Jason Lioy: I’d say have a lot of patience. I think we are we are all struggling in one way or the other. We all have our demons that we deal with on a day-to-day basis through coming out of COVID. For me, if there’s one piece of advice, or there’s one thing I want to make sure that people walk away with is, if you want to be the top leader in the organization, your role as a leader is to do just that—to lead. How to lead doesn’t mean that you’ve got to be stoic and emotional, it means that you have to be emotional and you have to be humble. That means that you have to be open to what’s affecting you, and be okay with sharing that from time to time because that’s the way you help other people. When they know that you’re struggling, but you’re leading them, they will look to you with a stronger bond. 
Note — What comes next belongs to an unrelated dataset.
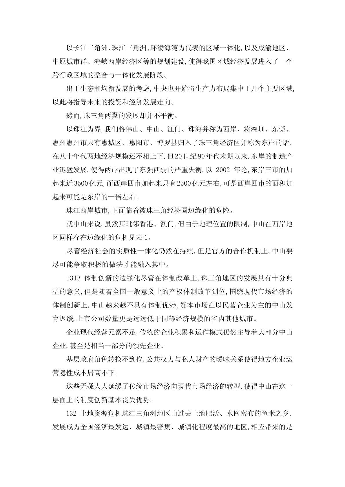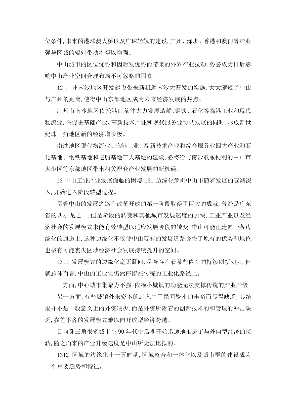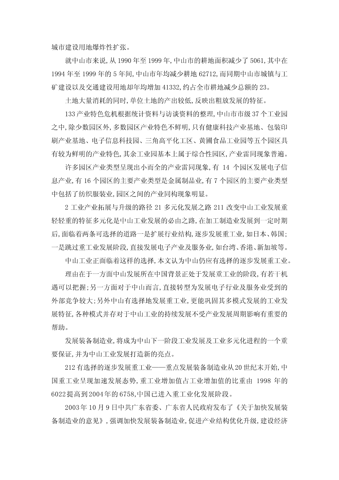 中山市工业产业发展的策略诠释中山市作为沿海开放城市之一,工业发展日新月异,尤其工业园区在各个城镇的发展过程中,对吸纳外资、调整优化产业结构、促进产业升级、接纳就业人口等方面起到极其重要作用。20多年的发展,从改革开放之初发展支援农业型工业,到以农业为基础,工业为主体,大力发展以外向型经济为主的商品经济,再到实施工业立市、工业强市战略和促进内、外源型经济协调发展;从市、镇区、村、户多个轮子一齐转,到工业进园进区、集约化发展,中山市的工业发展走过了风风雨雨的艰苦历程,基本形成东部高新技术、北部传统特色工业、中部电子信息技术和南部出口加工工业的格局。一镇一品的区域特色经济成为中山市经济的重要特征,如古镇的灯饰、小榄的五金音响、沙溪的休闲服装等,围绕这些特色产业进行分工协作,产业链不断延伸,初显产业集聚的发展方式。回顾过去,展望未来,中山处于城市化发展的高速上升期,经济增长开始逐渐由粗放型向集约化发展方向转变。结合党中央提出的构建和谐社会发展构想,以及省政府对中山建设社会经济协调发展示范市的期望,中山市政府确定了构建和谐中山、建设两个适宜城市的发展目标,提出对城市空间资源进行整合。基于发展背景的变化,规划管理和规划研究同样出现重要转变,即从单纯的经验总结型研究向问题探索型研究的转变。特别是对于中山自身经济社会发展过程所出现的种种问题的关注和研究不断出现,在很大程度上将人们的目光和研究视角引向了中山工业产业发展进程中被各种光环所隐蔽住的种种潜在和现实的问题。本文正是在这一背景下对中山工业的空间布局和发展路径所作的探讨。1工业产业发展面临的可能与困境11珠三角产业空间发展格局对中山产业的影响20世纪90年代珠三角经济区形成了三足鼎立的局面,即广佛产业经济圈广州、佛山、港深产业经济圈香港、深圳、澳珠产业经济圈澳门、珠海。经过改革开放20多年时间,在三大产业经济圈的共同作用下,珠江三角洲东、西两岸产业带日益发展并成熟起来。而中山产业经济区恰恰处于珠江西岸产业带的中间位置,具有得天独厚的区位条件,未来的港珠澳大桥以及广珠轻轨的建设,广州、深圳、香港和澳门等产业强势区域的辐射带动将得以增强。中山城市的区位优势和因后发优势而带来的外界产业拉动,势必成为日后影响中山产业空间合理布局不可忽略的因素。12广州南沙地区开发建设带来新机遇南沙大开发的实施,大大缩短了中山与广州的距离,使得中山东部地区成为未来经济发展的热点。广州市南沙地区依托港口条件大力发展造船、钢铁、石化等临港工业和现代物流业,在促进基础产业、高新技术产业和现代服务业协调发展的同时,形成新世纪珠三角地区新的经济增长极。南沙地区现代物流业、临港工业、高新技术产业和综合服务业四大产业和石化基地、钢铁基地和造船基地三大基地的建设,必将给与南沙联系便利的中山市火炬区等东部地区带来相关配套产业发展的新机遇。13中山工业产业发展面临的困境131边缘化危机中山市随着发展的逐渐深入,开始进入阶段转型过程。尽管中山的发展之路在改革开放的第一阶段取得了巨大的成就,曾经是广东省的四小龙之一,但是阶段的转变和其他城市发展速度的加快,工业产业以及经济社会的发展模式未能有效转型以适应发展阶段的转变,中山可能正走向一条边缘化的通道上,这种边缘化不仅使中山现有的发展道路丧失了原有的优势和地位,也极有可能丧失区域经济社会发展持续提升的空间。1311发展模式的边缘化毫无疑问,尽管存在着某些内在的持续创新动力,但就总体而言,中山的工业化仍然停留在传统的工业化路径上。一方面,中心城市集聚力不强,依赖小城镇的功能无法支撑传统的产业升级。另一方面,有些城镇外来资本的进入由于民间资本的丰裕而显得缺乏,其结果并不是一般意义上的外资缺少,而是外资所附着的创新技术的和管理的冲击缺乏,参差不齐的发展模式难以向开放型经济跨越。目前珠三角很多城市在90年代中后期开始迅速地推进了与外向型经济的接轨,随之而来的产业升级速度是中山所无法比拟的。1312区域的边缘化十一五时期,区域整合和一体化以及城市群的建设成为一个重要趋势和特征。以长江三角洲、珠江三角洲、环渤海湾为代表的区域一体化,以及成渝地区、中原城市群、海峡西岸经济区等的规划建设,使得我国区域经济发展进入了一个跨行政区域的整合与一体化发展阶段。出于生态和均衡发展的考虑,中央也开始将生产力布局集中于几个主要区域,以此将指导未来的投资和经济发展走向。然而,珠三角两翼的发展却并不平衡。以珠江为界,我们将佛山、中山、江门、珠海并称为西岸、将深圳、东莞、惠州惠州市只有惠城区、惠阳市、博罗县归入了珠三角经济区并称为东岸的话,在八十年代两地经济规模还不相上下,但20世纪90年代末期以来,东岸的制造产业迅猛发展,使得两岸出现了东强西弱的严重失衡,以2002年论,东岸三市的加起来近3500亿元,而西岸四市加起来只有2

I will never forget, during the middle of 2020, we are trying to get people to utilize our employee assistance program more. We were trying to understand what is preventing people from utilizing some of these resources, what’s preventing people from sharing their struggles. Well, I never forget. I was coming into the office and that previous week, I had a down week. Some folks that I knew that got affected by COVID. I was having a down week. My CEO asked me how I am doing because she saw me in the coffee room. She said, “How are you doing? Something seems off with you this week.” I shared what was going on. That next week, we had a global town hall. I asked her, “Can I share that story? So that I can get people to know that it’s okay not to be okay.” The feedback that I received was like, “Now I know it’s okay to not be okay, I know I can share my struggles because you shared your story.”  

So be humble. Don’t be a machine because we’re not machines, we’re people. That’s kind of my main mantra on why I am titled as the Chief People Officer and a Chief HR officer. Resources don’t have dreams, people have dreams. So that’s one thing that we strive to do is make sure that people can achieve their dreams at Dawn. To do that, they got to know who they’re connected to. They need to know what’s inside here to be able to do that.